Hindsight is 20/20, of course — some sophisticated keyboard warrior is bound to say “Well duh Josh, it was so obvious they were going to debut a high-powered MacBook Pro.”
But then the years 2015-2017 happened and it feels as though we’re sort of accustomed to Apple falling short in the Mac delivery department.
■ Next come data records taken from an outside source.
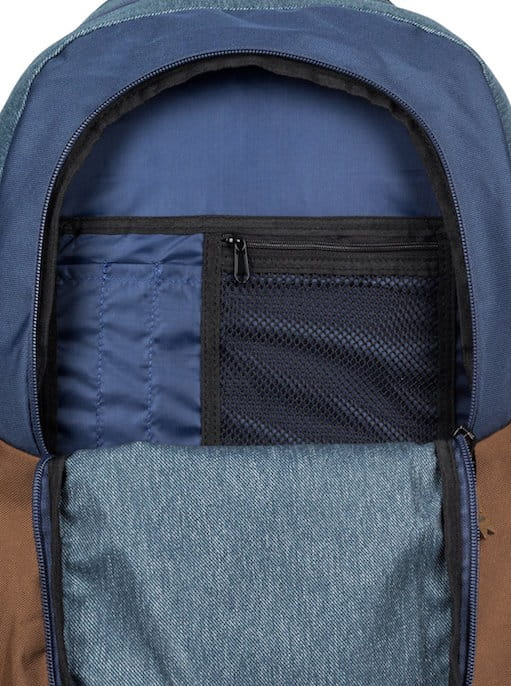 Plecak QUIKSILVER Schoolie jak sama jego nazwa wskazuje, to wspaniały plecak szkolny, ale nie tylko, bo może być również plecakiem miejskim. Idealnie sprawdzi się na wycieczkę, albo piknik, szczególnie, że w jego główną dużą komorę można włożyć koc czy cieplejszą bluzę. Dwie boczne kieszenie z siatki to możliwość zabrania ze sobą butelki lub bidonu, a małe kieszonki na suwaki pozwolą na schowanie najpotrzebniejszych małych przedmiotów. Wyściełane ergonomiczne szelki oraz specjalnie wyprofilowane plecy to duży komfort noszenia.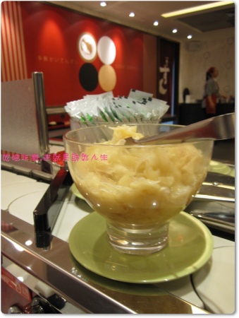 還有旋轉台上的薑片也是一定要的,每每經過我們前面,就被大家夾到不到一半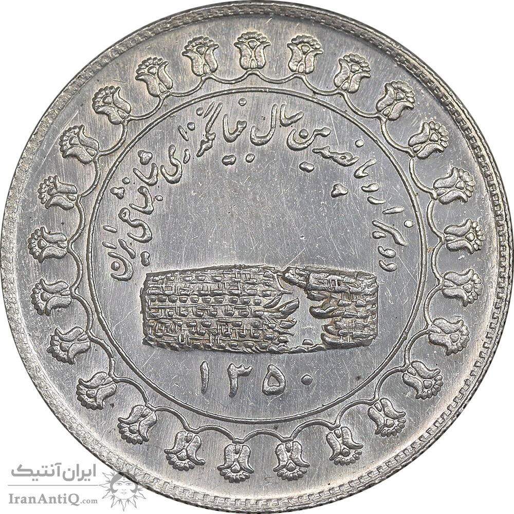 مدال یادبود نقره منشور کوروش بزرگ 1350 - AU55 - محمد رضا شاه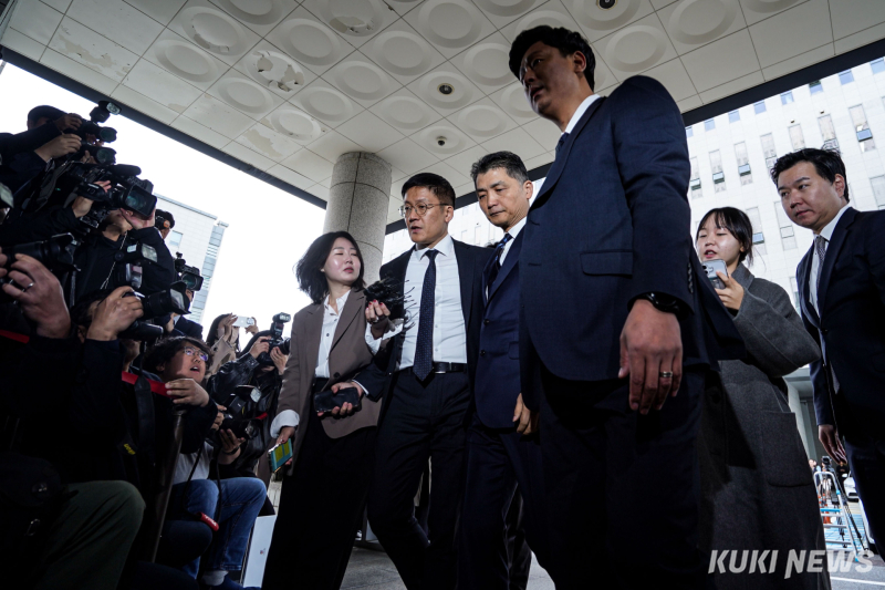 ‘SM 시세조종’ 김범수‚ 1심 선고 법원 출석…카카오 ‘운명의 날’ [쿠키포토]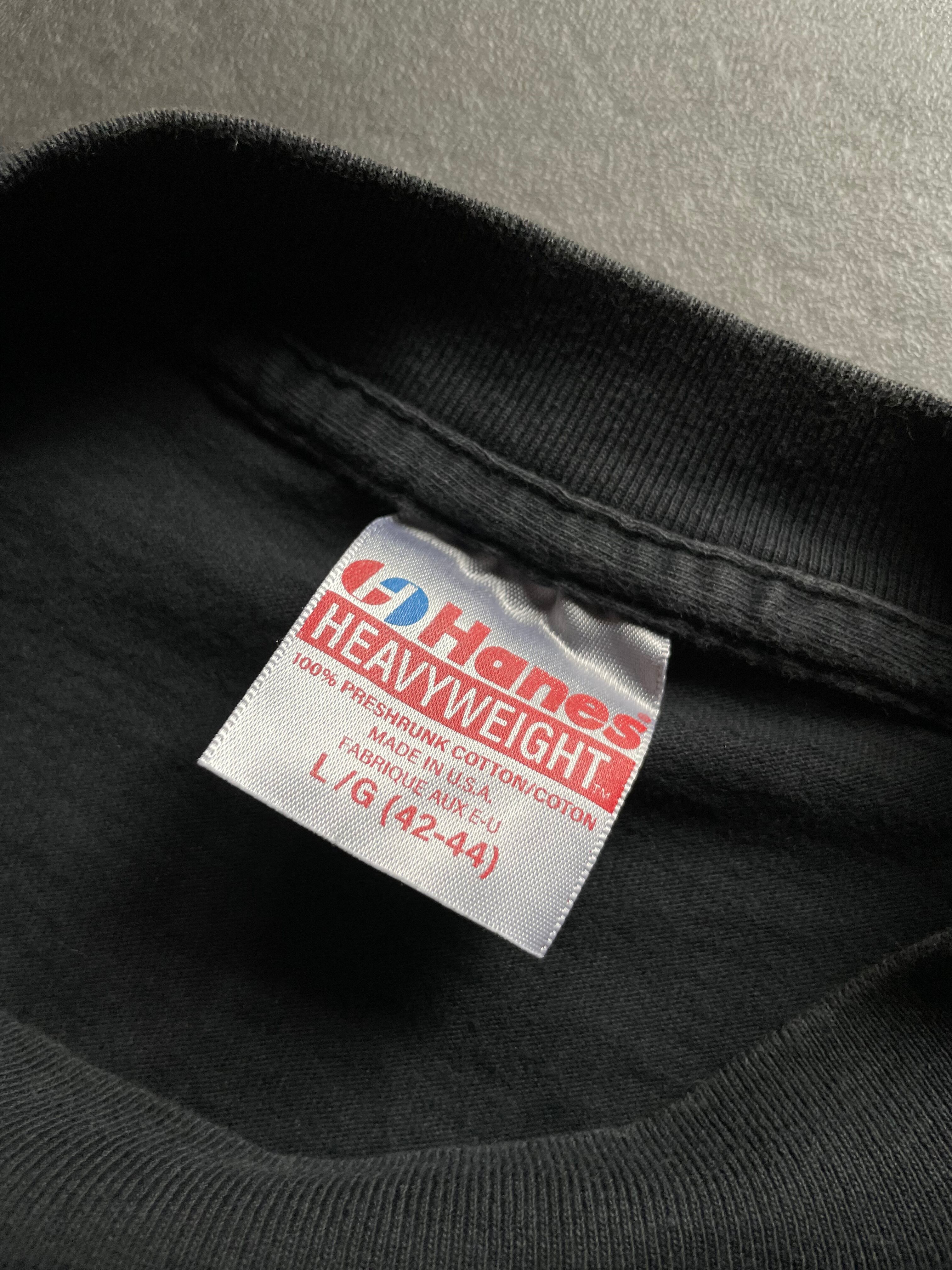MADE IN U.S.A.表記、100% COTTON、サイズ表記L/G(42-44)が確認できる個体です。前後ともにプリントが入るため、着用時の見栄えも非常に良いです。

Here’s Matt Birchler in a tweet thread last night:
I feel like Apple has been absolutely on fire in recent years when it comes to hardware. 2015-17 seems like slow point with aging iPhone designs, a terrible MBP refresh, an awkward Apple Watch launch…
But 2018-2021 has been almost exclusively home runs on the hardware front.
2018 iPad Pro still slaps, the iPhones 11, 12, & 13 all winners, M1 revitalized the Mac as a category instantly, 2021 iPad Mini, AirPods (all of them), Apple Watches, they all absolutely kill.
The 2021 Apple TV is the only exception I can really think of, but it was still solid.
I’m still getting used to this Apple which overtly listens to its customer base. It's almost like they fixed every single mistake they made on the MacBook Pro from 2015 t0 2020.
Now that’s an anecdotal tangent. Here are the specs of the MacBook Pro I ordered yesterday afternoon:
- 14-inch M1 Pro MacBook Pro — Silver
- 10-core CPU, 14-core GPU, 16-core Neural Engine
- 32GB RAM
- 512GB SSD
There’s no world where my personal computing workflows and Sweet Setup contribution workflows would call for a MacBook of this magnitude. Instead, I’ve been on this experimental path to convert my entire Windows-based accounting workflow to a Mac. This is hardly the “professional user” Apple has in mind when they discuss the MacBook Pro’s potential, but I’ll kindly ask to be a part of this group.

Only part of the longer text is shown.